To read this, we start at the top and travel down like a flow chart. In the cp=.01 model, if "gill color" is not black, brown, orange, pink, purple, red, white or yellow and cap color is green, purple, or white, there is a 24% chance of the mushroom being poisonous.


```{r}

test_01_training <- predict(my_tree01, mushrooms_train, type="class")
test_005_training <- predict(my_tree005, mushrooms_train, type="class")

test_01_testing <- predict(my_tree01, mushrooms_test, type="class")
test_005_testing <- predict(my_tree005, mushrooms_test, type="class")

library(caret)

print(".01 Training")
confusionMatrix(test_01_training,mushrooms_train$class,positive='poisonous')
print(".01 Testing")
confusionMatrix(test_01_testing,mushrooms_test$class,positive='poisonous')

print(".005 Training")
confusionMatrix(test_005_training,mushrooms_train$class,positive='poisonous')
print(".005 Testing")
confusionMatrix(test_005_testing,mushrooms_test$class,positive='poisonous')

```
Both the .01 and .005 cp have high metrics. However,they both show overfitting - for instance, the accuracy for the training data set is higher than the testing data set at both cp's.

Both models also have similar metrics for sensitivity, or true positive rate, which is the metric we would like to optimize for.
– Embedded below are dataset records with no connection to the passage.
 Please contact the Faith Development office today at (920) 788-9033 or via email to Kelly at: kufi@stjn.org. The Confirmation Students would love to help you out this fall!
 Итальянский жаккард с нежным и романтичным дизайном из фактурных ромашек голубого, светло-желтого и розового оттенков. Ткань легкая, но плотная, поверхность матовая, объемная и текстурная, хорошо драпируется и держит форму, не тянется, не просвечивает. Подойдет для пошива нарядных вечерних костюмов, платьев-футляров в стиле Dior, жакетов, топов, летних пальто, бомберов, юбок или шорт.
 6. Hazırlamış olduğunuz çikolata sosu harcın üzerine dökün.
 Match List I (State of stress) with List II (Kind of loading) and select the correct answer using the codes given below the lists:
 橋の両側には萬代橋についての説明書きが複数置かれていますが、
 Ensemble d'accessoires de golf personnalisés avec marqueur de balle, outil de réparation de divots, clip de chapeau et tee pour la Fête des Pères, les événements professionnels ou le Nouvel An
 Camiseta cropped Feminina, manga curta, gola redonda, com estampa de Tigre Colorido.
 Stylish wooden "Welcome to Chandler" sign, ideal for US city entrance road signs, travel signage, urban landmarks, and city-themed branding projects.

Therefore, either model is acceptable.


# KNN

Let's build a model that predicts whether a mushroom is poisonous based on the class of the most similar mushrooms (K-nearest neighbor).
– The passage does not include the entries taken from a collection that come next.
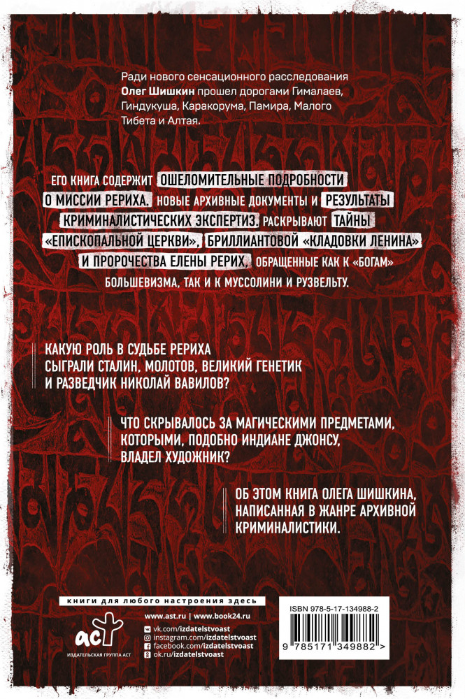 Ради сенсационного исследования о Николае Рерихе он прошел дорогами Гималаев, Гиндукуша, Каракорума, Памира, Малого Тибета и Алтая. Его новая книга написана в жанре архивной криминалистики и содержит ошеломительные подробности, редкие архивные документы и рассекреченные результаты научных экспертиз.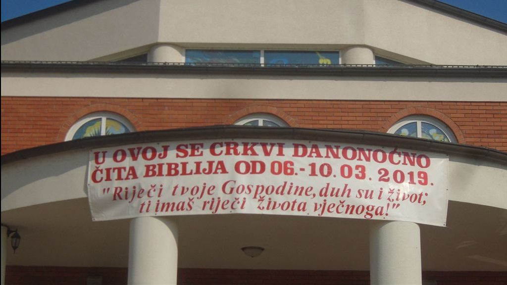 Na ulazu u crkvu poodavno je postavljen transparent na kome piše: „U OVOJ SE CRKVI DANONOĆNO ČITA BIBLIJA OD 06. – 10. 03. 2019.“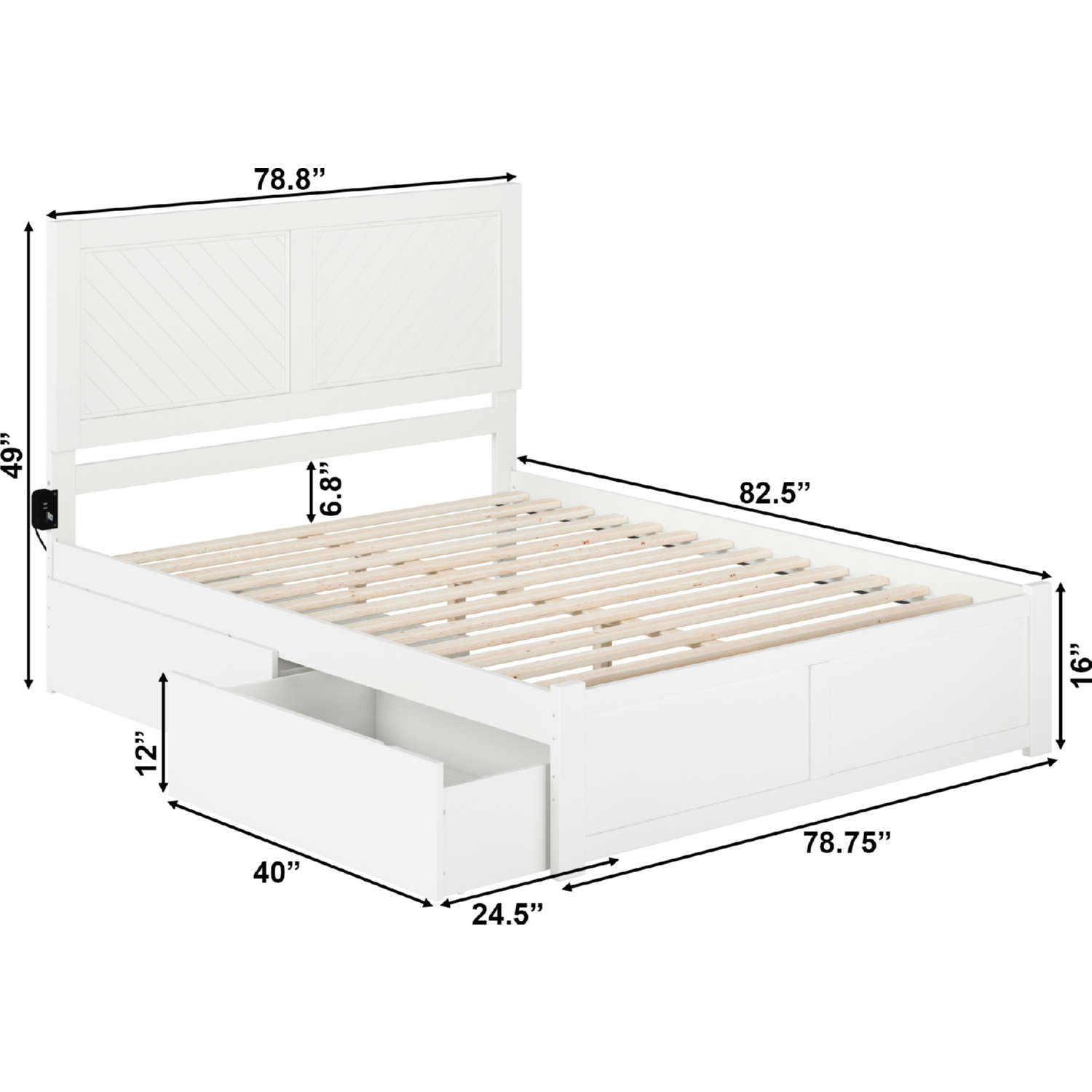 AFI Furnishings Canyon King Platform Bed with 2 Drawers in White Finish Wood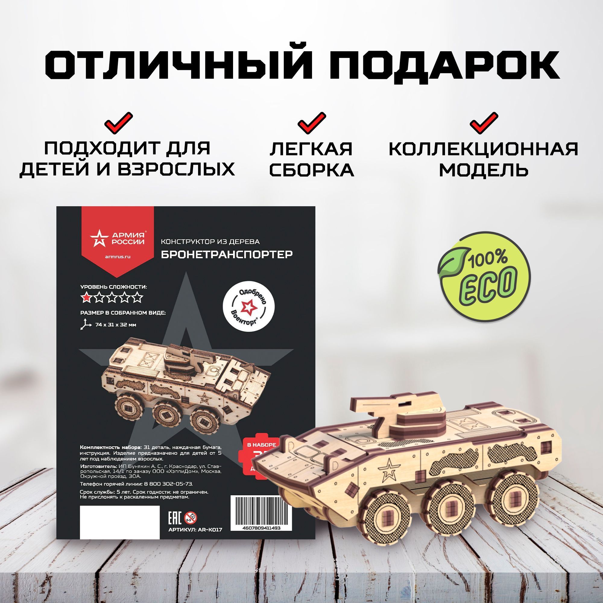 Деревянный конструктор, сборная модель Армия России БТР
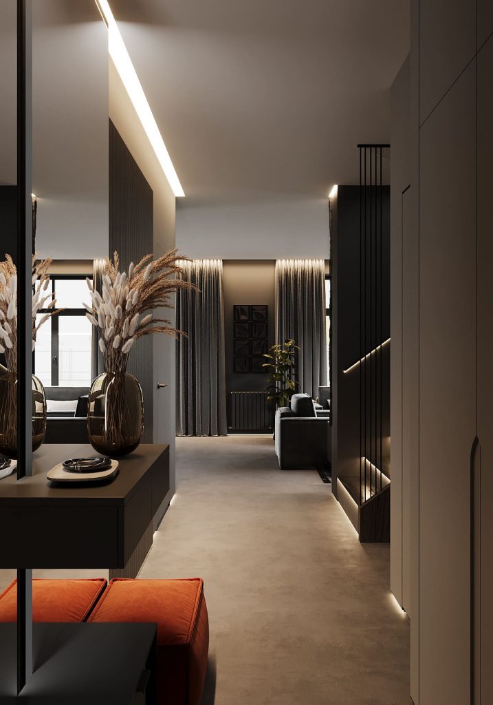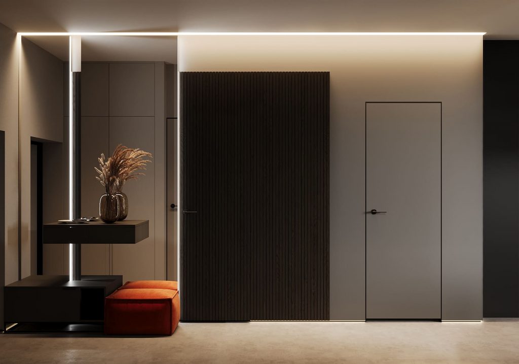 Стены и встроенные шкафы выполнены в единой гамме и будто растворяются друг в друге, создавая ощущение целостного монолита. Чёрные вертикальные рейки лестницы добавляют графичности и строгости, а терракотовый пуф у входа вносит яркий штрих, который сразу оживляет пространство.

First, let's build the tuning procedure for the k nearest neighbor model.

```{r}
library(kknn)
#Specify the sampling procedure
k_fold<-vfold_cv(mushrooms_train, v=20, repeats =1)

#Create recipe
model_rec<-recipe(class~., mushrooms_train) %>%
  step_dummy(all_nominal(),-all_outcomes())

#Specify model
model_spec<-nearest_neighbor(neighbors = tune("K")) %>% 
  set_mode("classification") %>% 
  set_engine("kknn")

#Specify control grid
model_control<-control_grid(save_pred = TRUE)

#Set metrics
model_metrics<-metric_set(roc_auc,accuracy,sens,spec)

```

Next, tune K in KNN model.
```{r}

set.seed(123)

#tune the model
knn_tune<-tune_grid(model_spec,
                    model_rec,
                    resamples = k_fold,
                    control=model_control,
                    grid=10,
                    metrics = model_metrics)

#collect metrics
knn_tune %>%
  collect_metrics()

#show viz
knn_tune %>%  
  select(id, .metrics) %>%  
  unnest(.metrics) %>%  
  ggplot(aes(x=K, y=.estimate, color=id))+ 
  geom_point()+ 
  geom_line()+ 
  facet_wrap(~.metric, scales = "free_y") 
```

Collect metrics.
```{r}
knn_pred<-knn_tune %>% collect_predictions()

knn_tune %>% collect_metrics()

confusionMatrix(knn_pred$class, knn_pred$.pred_class, positive="poisonous")
```

Next, we find the best k for our metric. I would like to optimize for sensitivity, or true positive rate, since that will help us know when a mushroom is poisonous so we can avoid it.
```{r}
best_sens <- knn_tune %>% select_best(metric="sens")

best_sens
```

k=4 is the best number when optimizing for specificity, so let's run the model with that.

```{r}

model_final<-nearest_neighbor(neighbors = 4) %>%
 set_mode("classification") %>%
 set_engine("kknn")

best_model<-workflow() %>%
 add_model(model_final) %>%
 add_recipe(model_rec)

best_train<-fit(best_model, mushrooms_train) #Fitting the model
predict_train<-predict(best_train, mushrooms_train)
predict_test<-predict(best_train, mushrooms_test)


confusionMatrix(mushrooms_train$class, predict_train$.pred_class, positive="poisonous")
confusionMatrix(mushrooms_test$class, predict_test$.pred_class, positive="poisonous")
```

This model shows slight overfitting. The sensitivity (TPR) is also very high. The problem with this model is that it is overly sensitive, so it predicts mushrooms that are not poisonous as poisonous. "Better safe than sorry", though.


# Conclusion
It seems possible to predict if a mushroom is poisonous based on its coloring with good accuracy. Some factors to look at would be gill color or stalk color above or below ring. However, this model would not be very valuable to people who are colorblind.